Superior Court of Delaware, New Castle

April 17, 2014

LATISHA M. JACKSON Plaintiff,
v.
JOHN STALLINGS, ANTHONY DIZDAR, KATHERINE DEGLIOBIZZI and PRUDENTIAL FOX & ROACH Defendants, and KATHERINE DEGLIOBIZZI and PRUDENTIAL FOX & ROACH, Defendants/Third Party Plaintiffs,
v.
GRANITE INSPECTION SERVICES and REMAX ASSOCIATES, INC. Third Party Defendants, JOHN STALLINGS Defendant/Third Party Plaintiff
v.
DIVERSIFIED CONSTRUCTION COMPANY, LLC. Third Party Defendant.

Submitted: April 8, 2014

On Defendant Anthony Dizdar's Motion for Summary Judgment

GRANTED James J. Haley, Jr., Esquire, of FERRARA & HALEY, attorney for Plaintiff Latisha Jackson.

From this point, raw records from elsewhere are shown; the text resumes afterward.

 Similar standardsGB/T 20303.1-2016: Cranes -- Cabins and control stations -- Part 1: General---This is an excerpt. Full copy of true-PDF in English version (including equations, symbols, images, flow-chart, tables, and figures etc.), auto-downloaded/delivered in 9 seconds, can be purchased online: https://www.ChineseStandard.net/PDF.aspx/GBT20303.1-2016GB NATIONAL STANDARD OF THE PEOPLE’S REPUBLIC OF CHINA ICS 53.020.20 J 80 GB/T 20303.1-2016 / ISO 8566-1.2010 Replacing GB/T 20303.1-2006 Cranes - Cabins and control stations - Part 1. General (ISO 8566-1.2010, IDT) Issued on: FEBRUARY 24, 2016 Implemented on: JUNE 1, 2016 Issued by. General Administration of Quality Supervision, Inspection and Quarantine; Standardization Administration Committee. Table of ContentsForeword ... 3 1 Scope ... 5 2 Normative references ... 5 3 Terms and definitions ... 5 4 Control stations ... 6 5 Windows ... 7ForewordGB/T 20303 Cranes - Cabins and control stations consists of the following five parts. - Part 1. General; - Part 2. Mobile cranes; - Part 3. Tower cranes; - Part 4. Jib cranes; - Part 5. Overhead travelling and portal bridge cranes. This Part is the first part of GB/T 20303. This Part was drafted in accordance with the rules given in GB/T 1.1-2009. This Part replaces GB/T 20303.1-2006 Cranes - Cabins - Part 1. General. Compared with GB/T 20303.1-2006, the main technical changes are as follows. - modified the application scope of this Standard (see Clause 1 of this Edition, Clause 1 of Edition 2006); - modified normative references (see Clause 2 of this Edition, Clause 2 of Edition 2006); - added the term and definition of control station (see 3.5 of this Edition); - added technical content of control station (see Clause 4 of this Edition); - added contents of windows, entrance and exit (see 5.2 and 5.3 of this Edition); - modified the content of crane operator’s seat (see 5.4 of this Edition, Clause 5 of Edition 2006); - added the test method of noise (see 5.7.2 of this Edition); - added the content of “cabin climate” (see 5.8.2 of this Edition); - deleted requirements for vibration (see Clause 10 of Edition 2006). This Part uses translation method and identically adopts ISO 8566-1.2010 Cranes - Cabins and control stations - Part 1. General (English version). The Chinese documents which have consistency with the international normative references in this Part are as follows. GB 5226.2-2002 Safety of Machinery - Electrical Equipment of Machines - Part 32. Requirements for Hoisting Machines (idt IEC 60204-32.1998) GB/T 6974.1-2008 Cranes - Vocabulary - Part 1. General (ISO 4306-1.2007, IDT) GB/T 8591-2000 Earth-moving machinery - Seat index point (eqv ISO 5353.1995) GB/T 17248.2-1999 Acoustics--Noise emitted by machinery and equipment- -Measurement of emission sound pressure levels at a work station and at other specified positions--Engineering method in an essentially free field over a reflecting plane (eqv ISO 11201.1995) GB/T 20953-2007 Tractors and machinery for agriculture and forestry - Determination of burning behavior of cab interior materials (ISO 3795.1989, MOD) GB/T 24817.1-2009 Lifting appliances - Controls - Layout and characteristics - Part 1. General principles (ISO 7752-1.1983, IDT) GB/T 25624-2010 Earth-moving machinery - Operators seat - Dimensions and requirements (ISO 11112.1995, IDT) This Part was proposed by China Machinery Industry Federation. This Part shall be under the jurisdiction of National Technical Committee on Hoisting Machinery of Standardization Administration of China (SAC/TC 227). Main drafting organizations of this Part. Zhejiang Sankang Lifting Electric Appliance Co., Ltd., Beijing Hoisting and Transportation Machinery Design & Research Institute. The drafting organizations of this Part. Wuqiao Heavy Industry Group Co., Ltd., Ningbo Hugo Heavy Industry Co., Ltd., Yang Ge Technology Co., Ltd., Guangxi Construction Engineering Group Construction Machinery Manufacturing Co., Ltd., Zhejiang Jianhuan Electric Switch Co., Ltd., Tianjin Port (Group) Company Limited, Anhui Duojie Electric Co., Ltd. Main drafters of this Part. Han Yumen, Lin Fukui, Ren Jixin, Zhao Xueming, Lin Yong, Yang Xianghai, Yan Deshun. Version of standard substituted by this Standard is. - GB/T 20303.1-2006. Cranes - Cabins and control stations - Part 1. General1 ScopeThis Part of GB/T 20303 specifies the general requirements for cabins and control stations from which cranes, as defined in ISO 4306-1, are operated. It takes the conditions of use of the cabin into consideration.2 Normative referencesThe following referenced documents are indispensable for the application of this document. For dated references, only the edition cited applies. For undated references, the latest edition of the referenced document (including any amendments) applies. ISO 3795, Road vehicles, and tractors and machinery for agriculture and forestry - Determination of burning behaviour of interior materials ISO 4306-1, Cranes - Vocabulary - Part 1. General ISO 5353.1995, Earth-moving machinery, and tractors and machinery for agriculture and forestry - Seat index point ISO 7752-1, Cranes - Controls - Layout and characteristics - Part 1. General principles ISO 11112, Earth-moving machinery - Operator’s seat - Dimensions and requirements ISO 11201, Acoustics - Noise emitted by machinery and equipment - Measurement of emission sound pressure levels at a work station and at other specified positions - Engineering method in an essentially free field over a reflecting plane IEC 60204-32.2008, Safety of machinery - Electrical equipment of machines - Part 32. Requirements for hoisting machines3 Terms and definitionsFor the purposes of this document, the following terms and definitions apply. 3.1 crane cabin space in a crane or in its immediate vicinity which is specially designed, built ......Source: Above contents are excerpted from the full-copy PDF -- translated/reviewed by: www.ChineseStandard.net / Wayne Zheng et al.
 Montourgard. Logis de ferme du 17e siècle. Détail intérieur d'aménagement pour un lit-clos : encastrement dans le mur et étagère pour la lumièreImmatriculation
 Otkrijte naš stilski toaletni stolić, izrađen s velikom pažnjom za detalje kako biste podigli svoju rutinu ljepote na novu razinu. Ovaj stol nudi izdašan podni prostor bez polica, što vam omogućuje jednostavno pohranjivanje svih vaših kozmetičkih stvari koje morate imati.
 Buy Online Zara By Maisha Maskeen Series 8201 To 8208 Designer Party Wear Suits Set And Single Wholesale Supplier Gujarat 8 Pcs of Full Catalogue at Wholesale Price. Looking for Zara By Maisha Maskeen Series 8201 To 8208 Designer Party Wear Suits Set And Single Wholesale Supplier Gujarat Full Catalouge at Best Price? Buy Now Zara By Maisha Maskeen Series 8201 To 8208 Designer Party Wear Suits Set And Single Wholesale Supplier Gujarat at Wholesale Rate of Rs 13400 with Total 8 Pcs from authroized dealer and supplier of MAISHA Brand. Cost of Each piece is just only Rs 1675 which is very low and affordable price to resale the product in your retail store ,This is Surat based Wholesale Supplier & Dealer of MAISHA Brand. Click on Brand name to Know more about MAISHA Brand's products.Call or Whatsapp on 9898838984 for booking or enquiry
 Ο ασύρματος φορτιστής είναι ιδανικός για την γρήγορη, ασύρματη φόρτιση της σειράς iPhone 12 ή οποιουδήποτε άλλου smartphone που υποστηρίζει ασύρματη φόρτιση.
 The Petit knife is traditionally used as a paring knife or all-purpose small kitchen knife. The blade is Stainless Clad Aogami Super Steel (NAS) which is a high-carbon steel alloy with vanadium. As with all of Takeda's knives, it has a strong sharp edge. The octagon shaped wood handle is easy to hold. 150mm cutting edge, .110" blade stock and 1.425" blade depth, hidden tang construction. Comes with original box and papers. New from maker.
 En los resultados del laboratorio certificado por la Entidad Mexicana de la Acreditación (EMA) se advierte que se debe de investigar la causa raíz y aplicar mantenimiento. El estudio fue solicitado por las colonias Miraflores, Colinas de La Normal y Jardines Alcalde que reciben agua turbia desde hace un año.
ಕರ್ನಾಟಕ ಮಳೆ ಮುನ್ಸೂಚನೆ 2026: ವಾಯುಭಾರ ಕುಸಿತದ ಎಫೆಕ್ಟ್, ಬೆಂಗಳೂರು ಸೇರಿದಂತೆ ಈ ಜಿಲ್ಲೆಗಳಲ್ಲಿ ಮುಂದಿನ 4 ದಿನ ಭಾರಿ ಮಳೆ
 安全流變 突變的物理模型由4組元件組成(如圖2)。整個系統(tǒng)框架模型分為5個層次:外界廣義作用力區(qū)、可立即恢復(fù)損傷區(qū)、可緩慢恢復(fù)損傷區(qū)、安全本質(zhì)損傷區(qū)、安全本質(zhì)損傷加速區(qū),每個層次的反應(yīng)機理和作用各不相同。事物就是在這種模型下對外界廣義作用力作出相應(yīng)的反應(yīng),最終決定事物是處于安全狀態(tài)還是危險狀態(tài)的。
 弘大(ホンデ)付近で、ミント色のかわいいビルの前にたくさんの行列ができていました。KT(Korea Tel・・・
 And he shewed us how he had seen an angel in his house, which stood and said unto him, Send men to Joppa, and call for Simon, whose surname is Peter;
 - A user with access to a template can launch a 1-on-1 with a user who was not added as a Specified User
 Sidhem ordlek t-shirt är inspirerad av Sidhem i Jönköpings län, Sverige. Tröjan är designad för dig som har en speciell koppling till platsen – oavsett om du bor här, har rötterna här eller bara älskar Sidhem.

Michele D. Allen, Esquire, of LAW OFFICES OF MICHELE D. ALLEN, LLC, attorney for Defendant Anthony Dizdar.

The Honorable Andrea L. Rocanelli

Plaintiff Latisha Jackson bought a home at 1217 Lobdell Street in Wilmington, Delaware ("Property"), from John Stallings on August 10, 2007. Prior to purchasing the Property, Plaintiff visited the Property in April or May of 2007. The Property was being renovated at this time. Stallings provided Plaintiff with a Seller's Disclosure of Real Property Condition Report ("Report"). The Report stated that there were no drainage or flood problems affecting the Property, there were no problems with the walls or foundations, and there was no water leakage or dampness in the basement crawlspace. Plaintiff subsequently signed an Agreement of Sale. Stallings also signed the Agreement of Sale on June 19, 2007.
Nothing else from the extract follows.